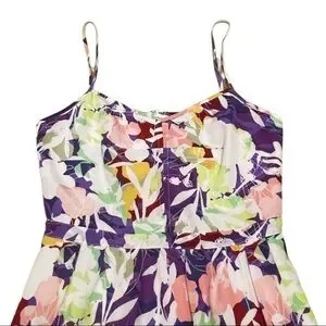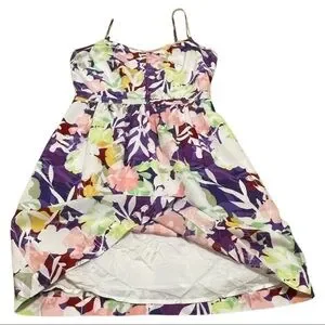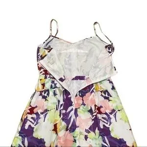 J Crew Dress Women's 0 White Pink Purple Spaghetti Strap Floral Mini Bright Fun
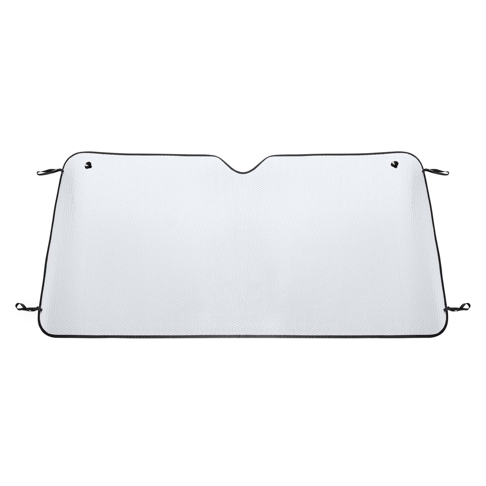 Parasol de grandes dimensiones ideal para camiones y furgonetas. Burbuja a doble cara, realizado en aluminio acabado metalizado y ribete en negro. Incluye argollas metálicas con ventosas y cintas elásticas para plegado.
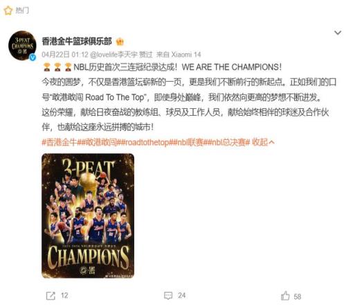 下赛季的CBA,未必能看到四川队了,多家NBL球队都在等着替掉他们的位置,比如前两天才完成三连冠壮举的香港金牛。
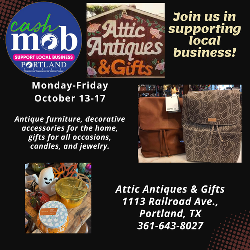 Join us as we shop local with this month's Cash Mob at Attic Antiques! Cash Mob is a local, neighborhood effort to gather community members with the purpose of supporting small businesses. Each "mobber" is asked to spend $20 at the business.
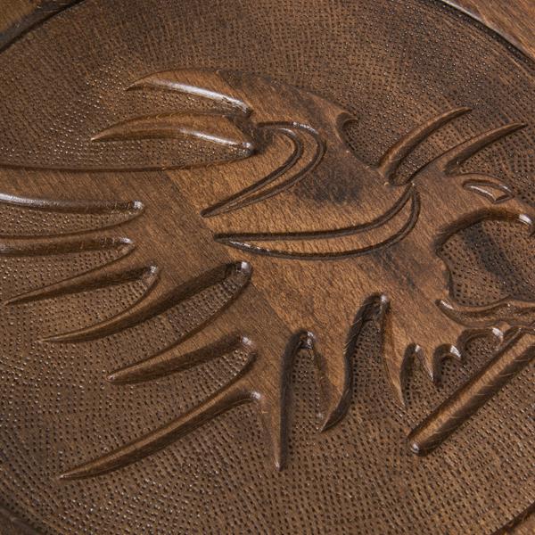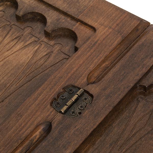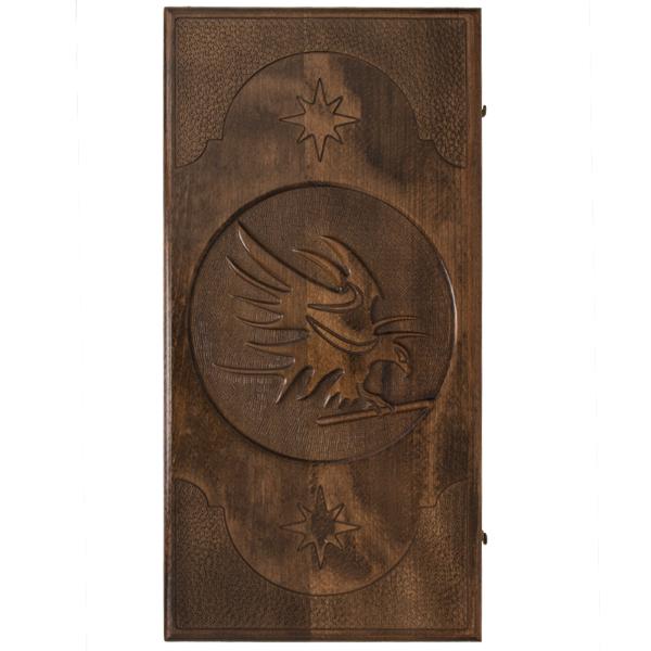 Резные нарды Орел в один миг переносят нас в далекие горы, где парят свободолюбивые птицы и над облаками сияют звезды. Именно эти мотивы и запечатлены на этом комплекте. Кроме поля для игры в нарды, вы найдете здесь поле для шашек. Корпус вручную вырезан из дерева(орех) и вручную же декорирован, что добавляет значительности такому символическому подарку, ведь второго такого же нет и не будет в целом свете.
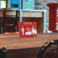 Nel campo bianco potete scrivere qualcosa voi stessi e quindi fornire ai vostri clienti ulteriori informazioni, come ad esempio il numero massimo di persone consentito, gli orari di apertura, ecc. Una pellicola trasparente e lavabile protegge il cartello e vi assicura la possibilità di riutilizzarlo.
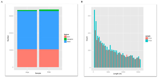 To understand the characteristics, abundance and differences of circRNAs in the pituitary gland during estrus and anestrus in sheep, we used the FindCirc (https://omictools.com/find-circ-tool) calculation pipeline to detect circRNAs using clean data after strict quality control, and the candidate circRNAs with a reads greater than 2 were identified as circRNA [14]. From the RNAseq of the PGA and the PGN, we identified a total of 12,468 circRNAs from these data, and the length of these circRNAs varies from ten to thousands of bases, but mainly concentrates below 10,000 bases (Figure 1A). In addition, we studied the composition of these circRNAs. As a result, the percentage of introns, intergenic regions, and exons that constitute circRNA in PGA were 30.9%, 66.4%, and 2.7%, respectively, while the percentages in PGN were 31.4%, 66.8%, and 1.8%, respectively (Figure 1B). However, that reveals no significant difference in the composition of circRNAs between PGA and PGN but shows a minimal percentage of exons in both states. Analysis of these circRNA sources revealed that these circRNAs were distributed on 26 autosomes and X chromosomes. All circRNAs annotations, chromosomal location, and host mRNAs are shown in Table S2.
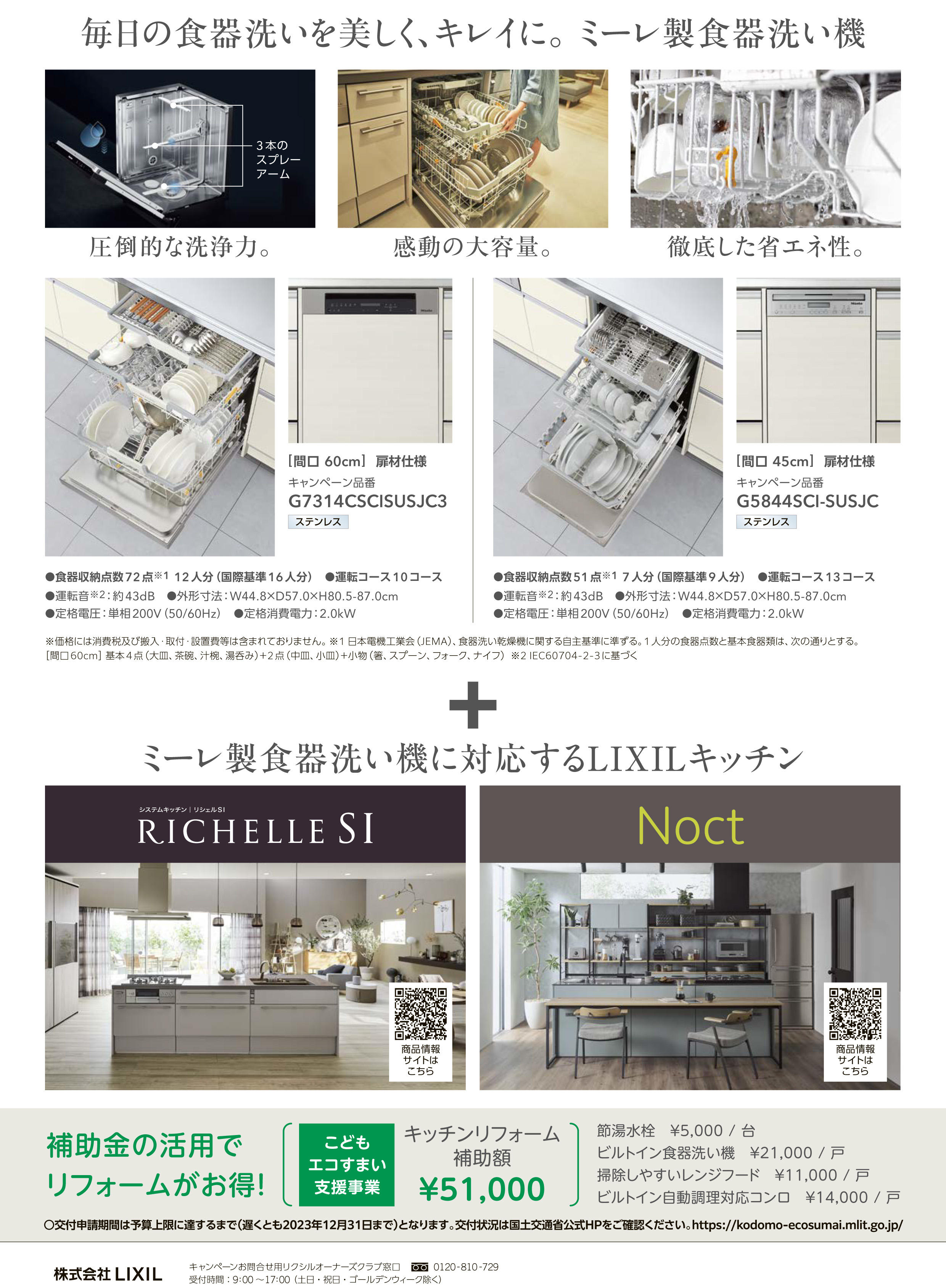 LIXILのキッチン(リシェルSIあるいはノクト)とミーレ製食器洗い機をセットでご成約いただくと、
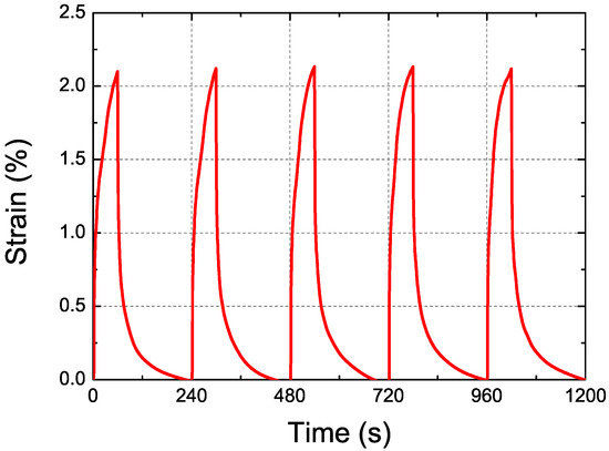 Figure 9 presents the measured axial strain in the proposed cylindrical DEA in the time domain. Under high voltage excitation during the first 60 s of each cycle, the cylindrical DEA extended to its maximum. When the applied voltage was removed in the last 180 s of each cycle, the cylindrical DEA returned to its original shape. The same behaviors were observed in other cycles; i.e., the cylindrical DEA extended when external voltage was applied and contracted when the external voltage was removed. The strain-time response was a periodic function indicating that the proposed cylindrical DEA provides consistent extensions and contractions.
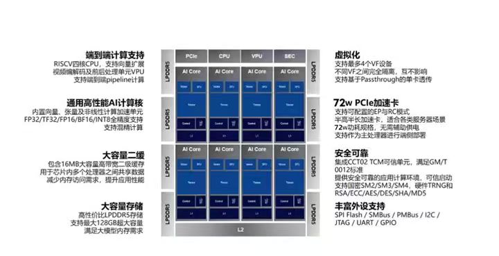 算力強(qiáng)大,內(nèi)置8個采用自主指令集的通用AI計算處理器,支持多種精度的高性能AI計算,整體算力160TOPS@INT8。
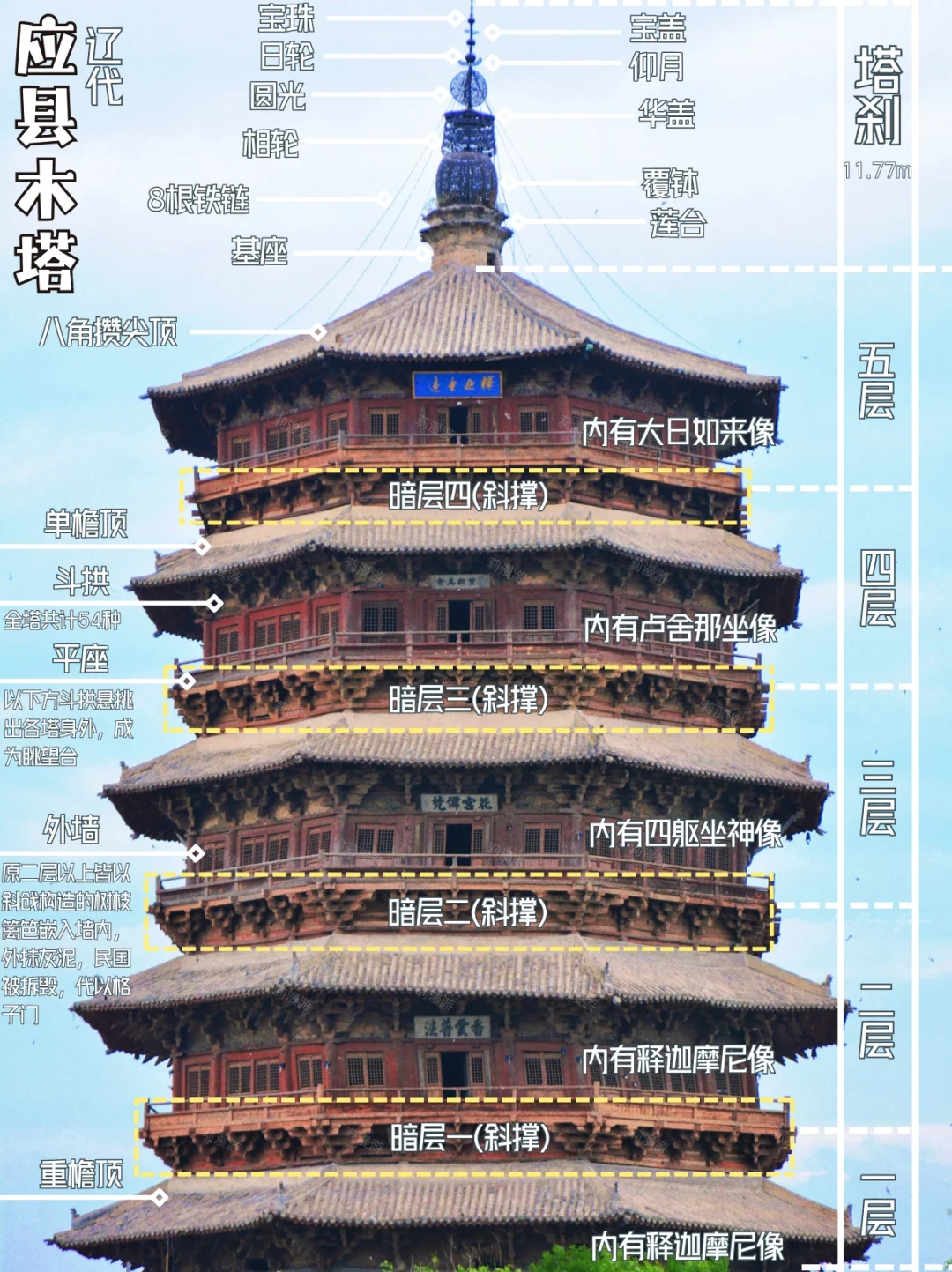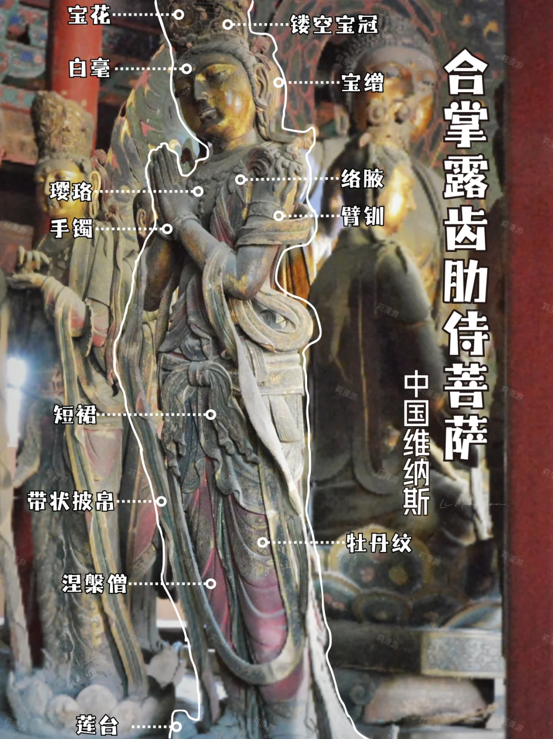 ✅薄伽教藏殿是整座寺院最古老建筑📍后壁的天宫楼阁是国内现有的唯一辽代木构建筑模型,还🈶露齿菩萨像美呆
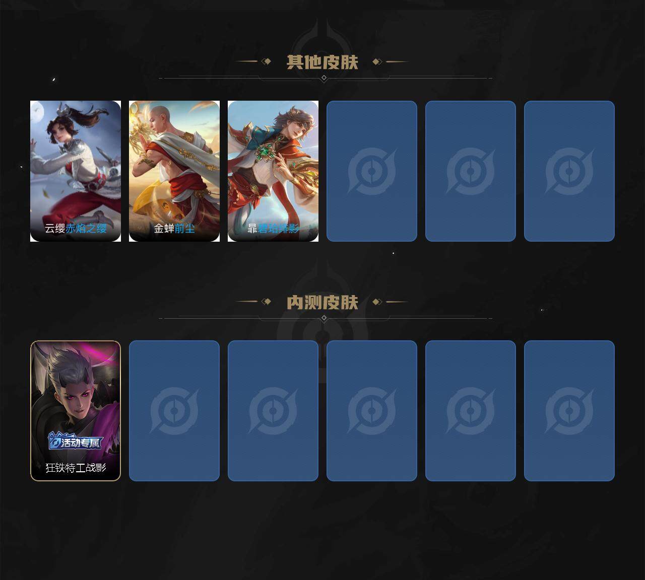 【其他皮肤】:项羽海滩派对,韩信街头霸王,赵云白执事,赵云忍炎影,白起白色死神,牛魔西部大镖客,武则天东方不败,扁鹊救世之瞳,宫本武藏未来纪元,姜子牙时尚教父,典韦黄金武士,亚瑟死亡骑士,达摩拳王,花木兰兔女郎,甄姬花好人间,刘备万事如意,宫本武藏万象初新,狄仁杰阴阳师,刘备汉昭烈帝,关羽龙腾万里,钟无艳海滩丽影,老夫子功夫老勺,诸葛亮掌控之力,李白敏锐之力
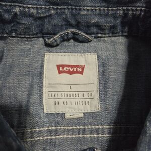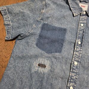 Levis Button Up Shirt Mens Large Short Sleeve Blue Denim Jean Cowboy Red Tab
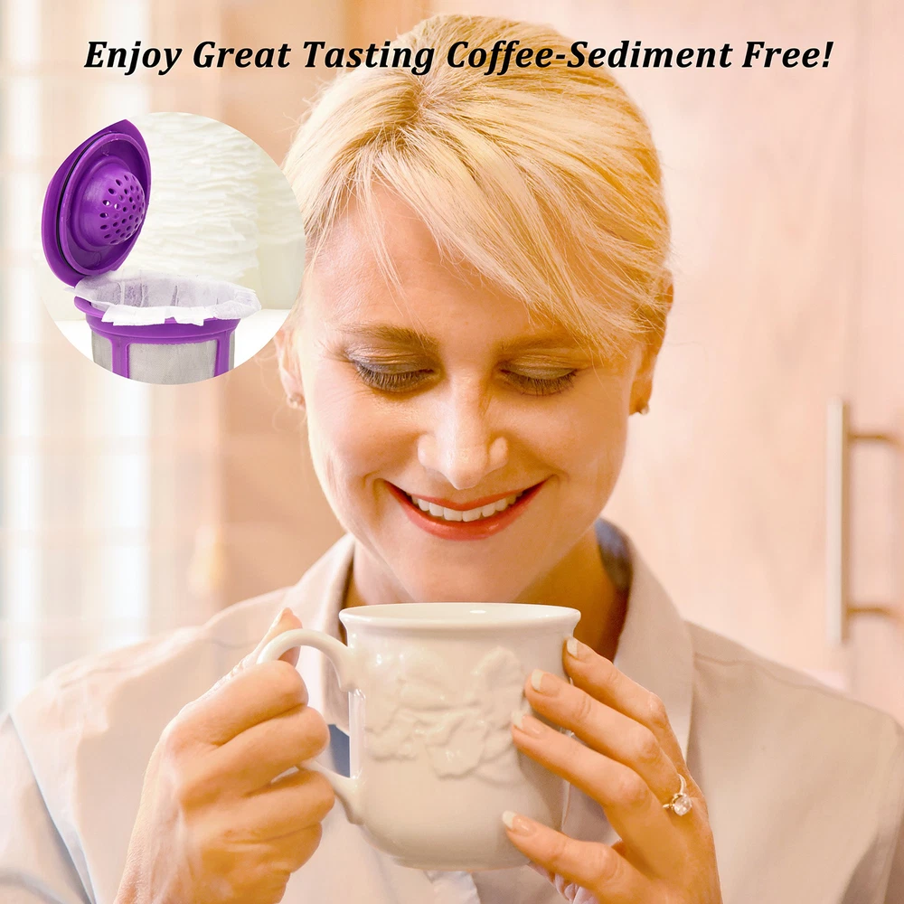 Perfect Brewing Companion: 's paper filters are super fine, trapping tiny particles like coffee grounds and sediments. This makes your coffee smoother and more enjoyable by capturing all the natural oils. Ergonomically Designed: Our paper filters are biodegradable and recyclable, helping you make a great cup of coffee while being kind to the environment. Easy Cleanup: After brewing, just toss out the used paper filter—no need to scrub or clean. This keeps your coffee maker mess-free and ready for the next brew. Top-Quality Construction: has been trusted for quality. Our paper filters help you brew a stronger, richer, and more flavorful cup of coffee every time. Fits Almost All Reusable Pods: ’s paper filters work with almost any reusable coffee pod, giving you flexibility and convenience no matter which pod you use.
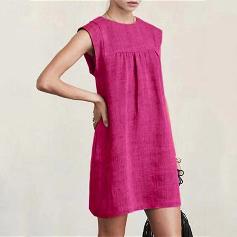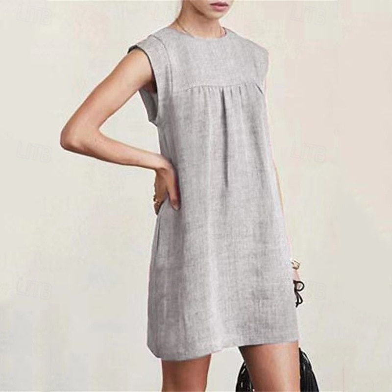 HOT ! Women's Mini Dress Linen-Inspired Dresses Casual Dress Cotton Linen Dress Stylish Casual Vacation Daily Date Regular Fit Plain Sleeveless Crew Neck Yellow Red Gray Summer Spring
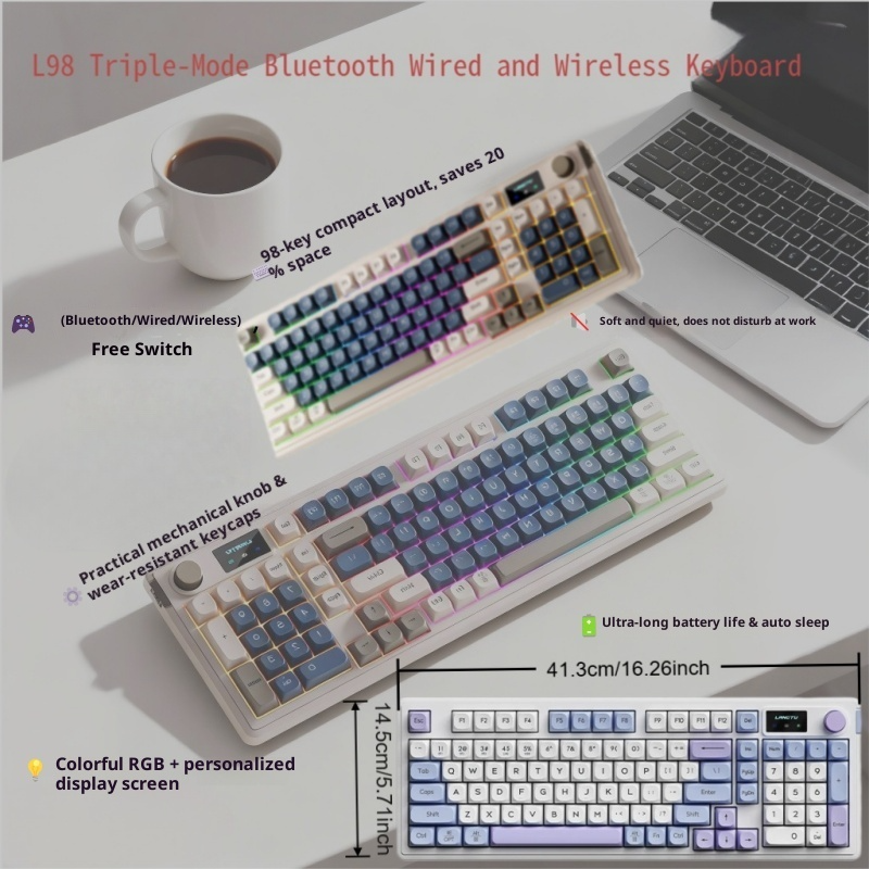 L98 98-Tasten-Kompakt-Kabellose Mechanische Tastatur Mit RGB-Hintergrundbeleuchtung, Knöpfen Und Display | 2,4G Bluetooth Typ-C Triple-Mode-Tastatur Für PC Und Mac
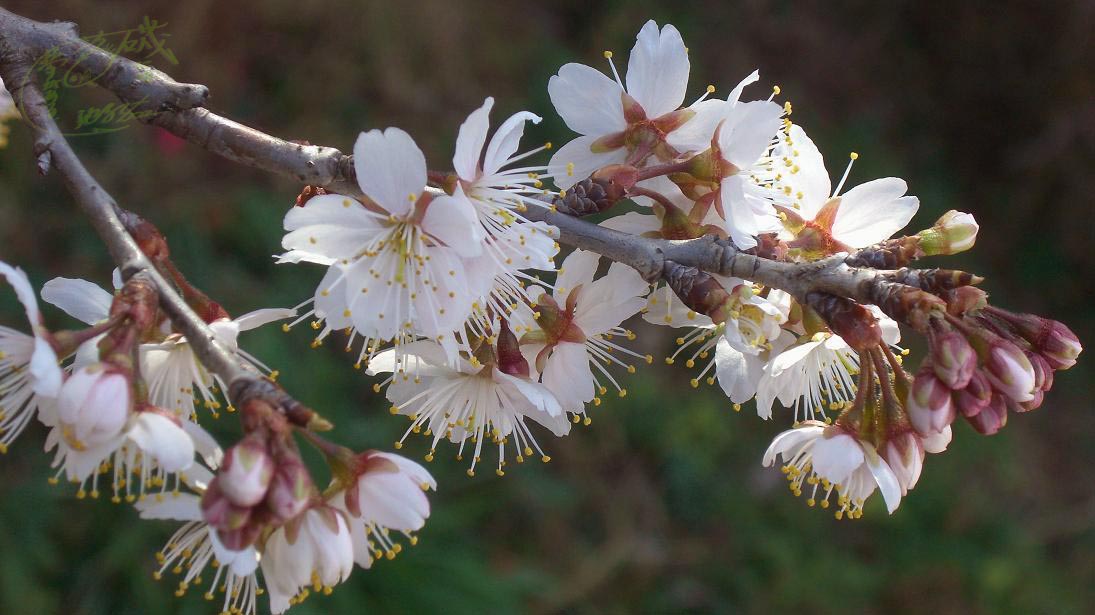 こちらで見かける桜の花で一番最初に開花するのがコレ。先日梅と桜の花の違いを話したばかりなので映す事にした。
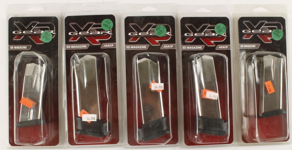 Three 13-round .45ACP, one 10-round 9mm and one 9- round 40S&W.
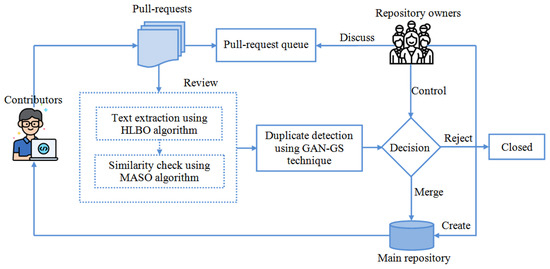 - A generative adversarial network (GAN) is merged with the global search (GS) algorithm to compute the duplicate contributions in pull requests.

» TASK INSTRUCTIONS: The lines above starting at the one that holds "Figure 9 presents" and ending at the one that holds "算力強(qiáng)大,內(nèi)置8" are to be written out exactly, ends included, and no pictures are to be copied.

» RESULT BELOW:
 Figure 9 presents the measured axial strain in the proposed cylindrical DEA in the time domain. Under high voltage excitation during the first 60 s of each cycle, the cylindrical DEA extended to its maximum. When the applied voltage was removed in the last 180 s of each cycle, the cylindrical DEA returned to its original shape. The same behaviors were observed in other cycles; i.e., the cylindrical DEA extended when external voltage was applied and contracted when the external voltage was removed. The strain-time response was a periodic function indicating that the proposed cylindrical DEA provides consistent extensions and contractions.
 算力強(qiáng)大,內(nèi)置8個采用自主指令集的通用AI計算處理器,支持多種精度的高性能AI計算,整體算力160TOPS@INT8。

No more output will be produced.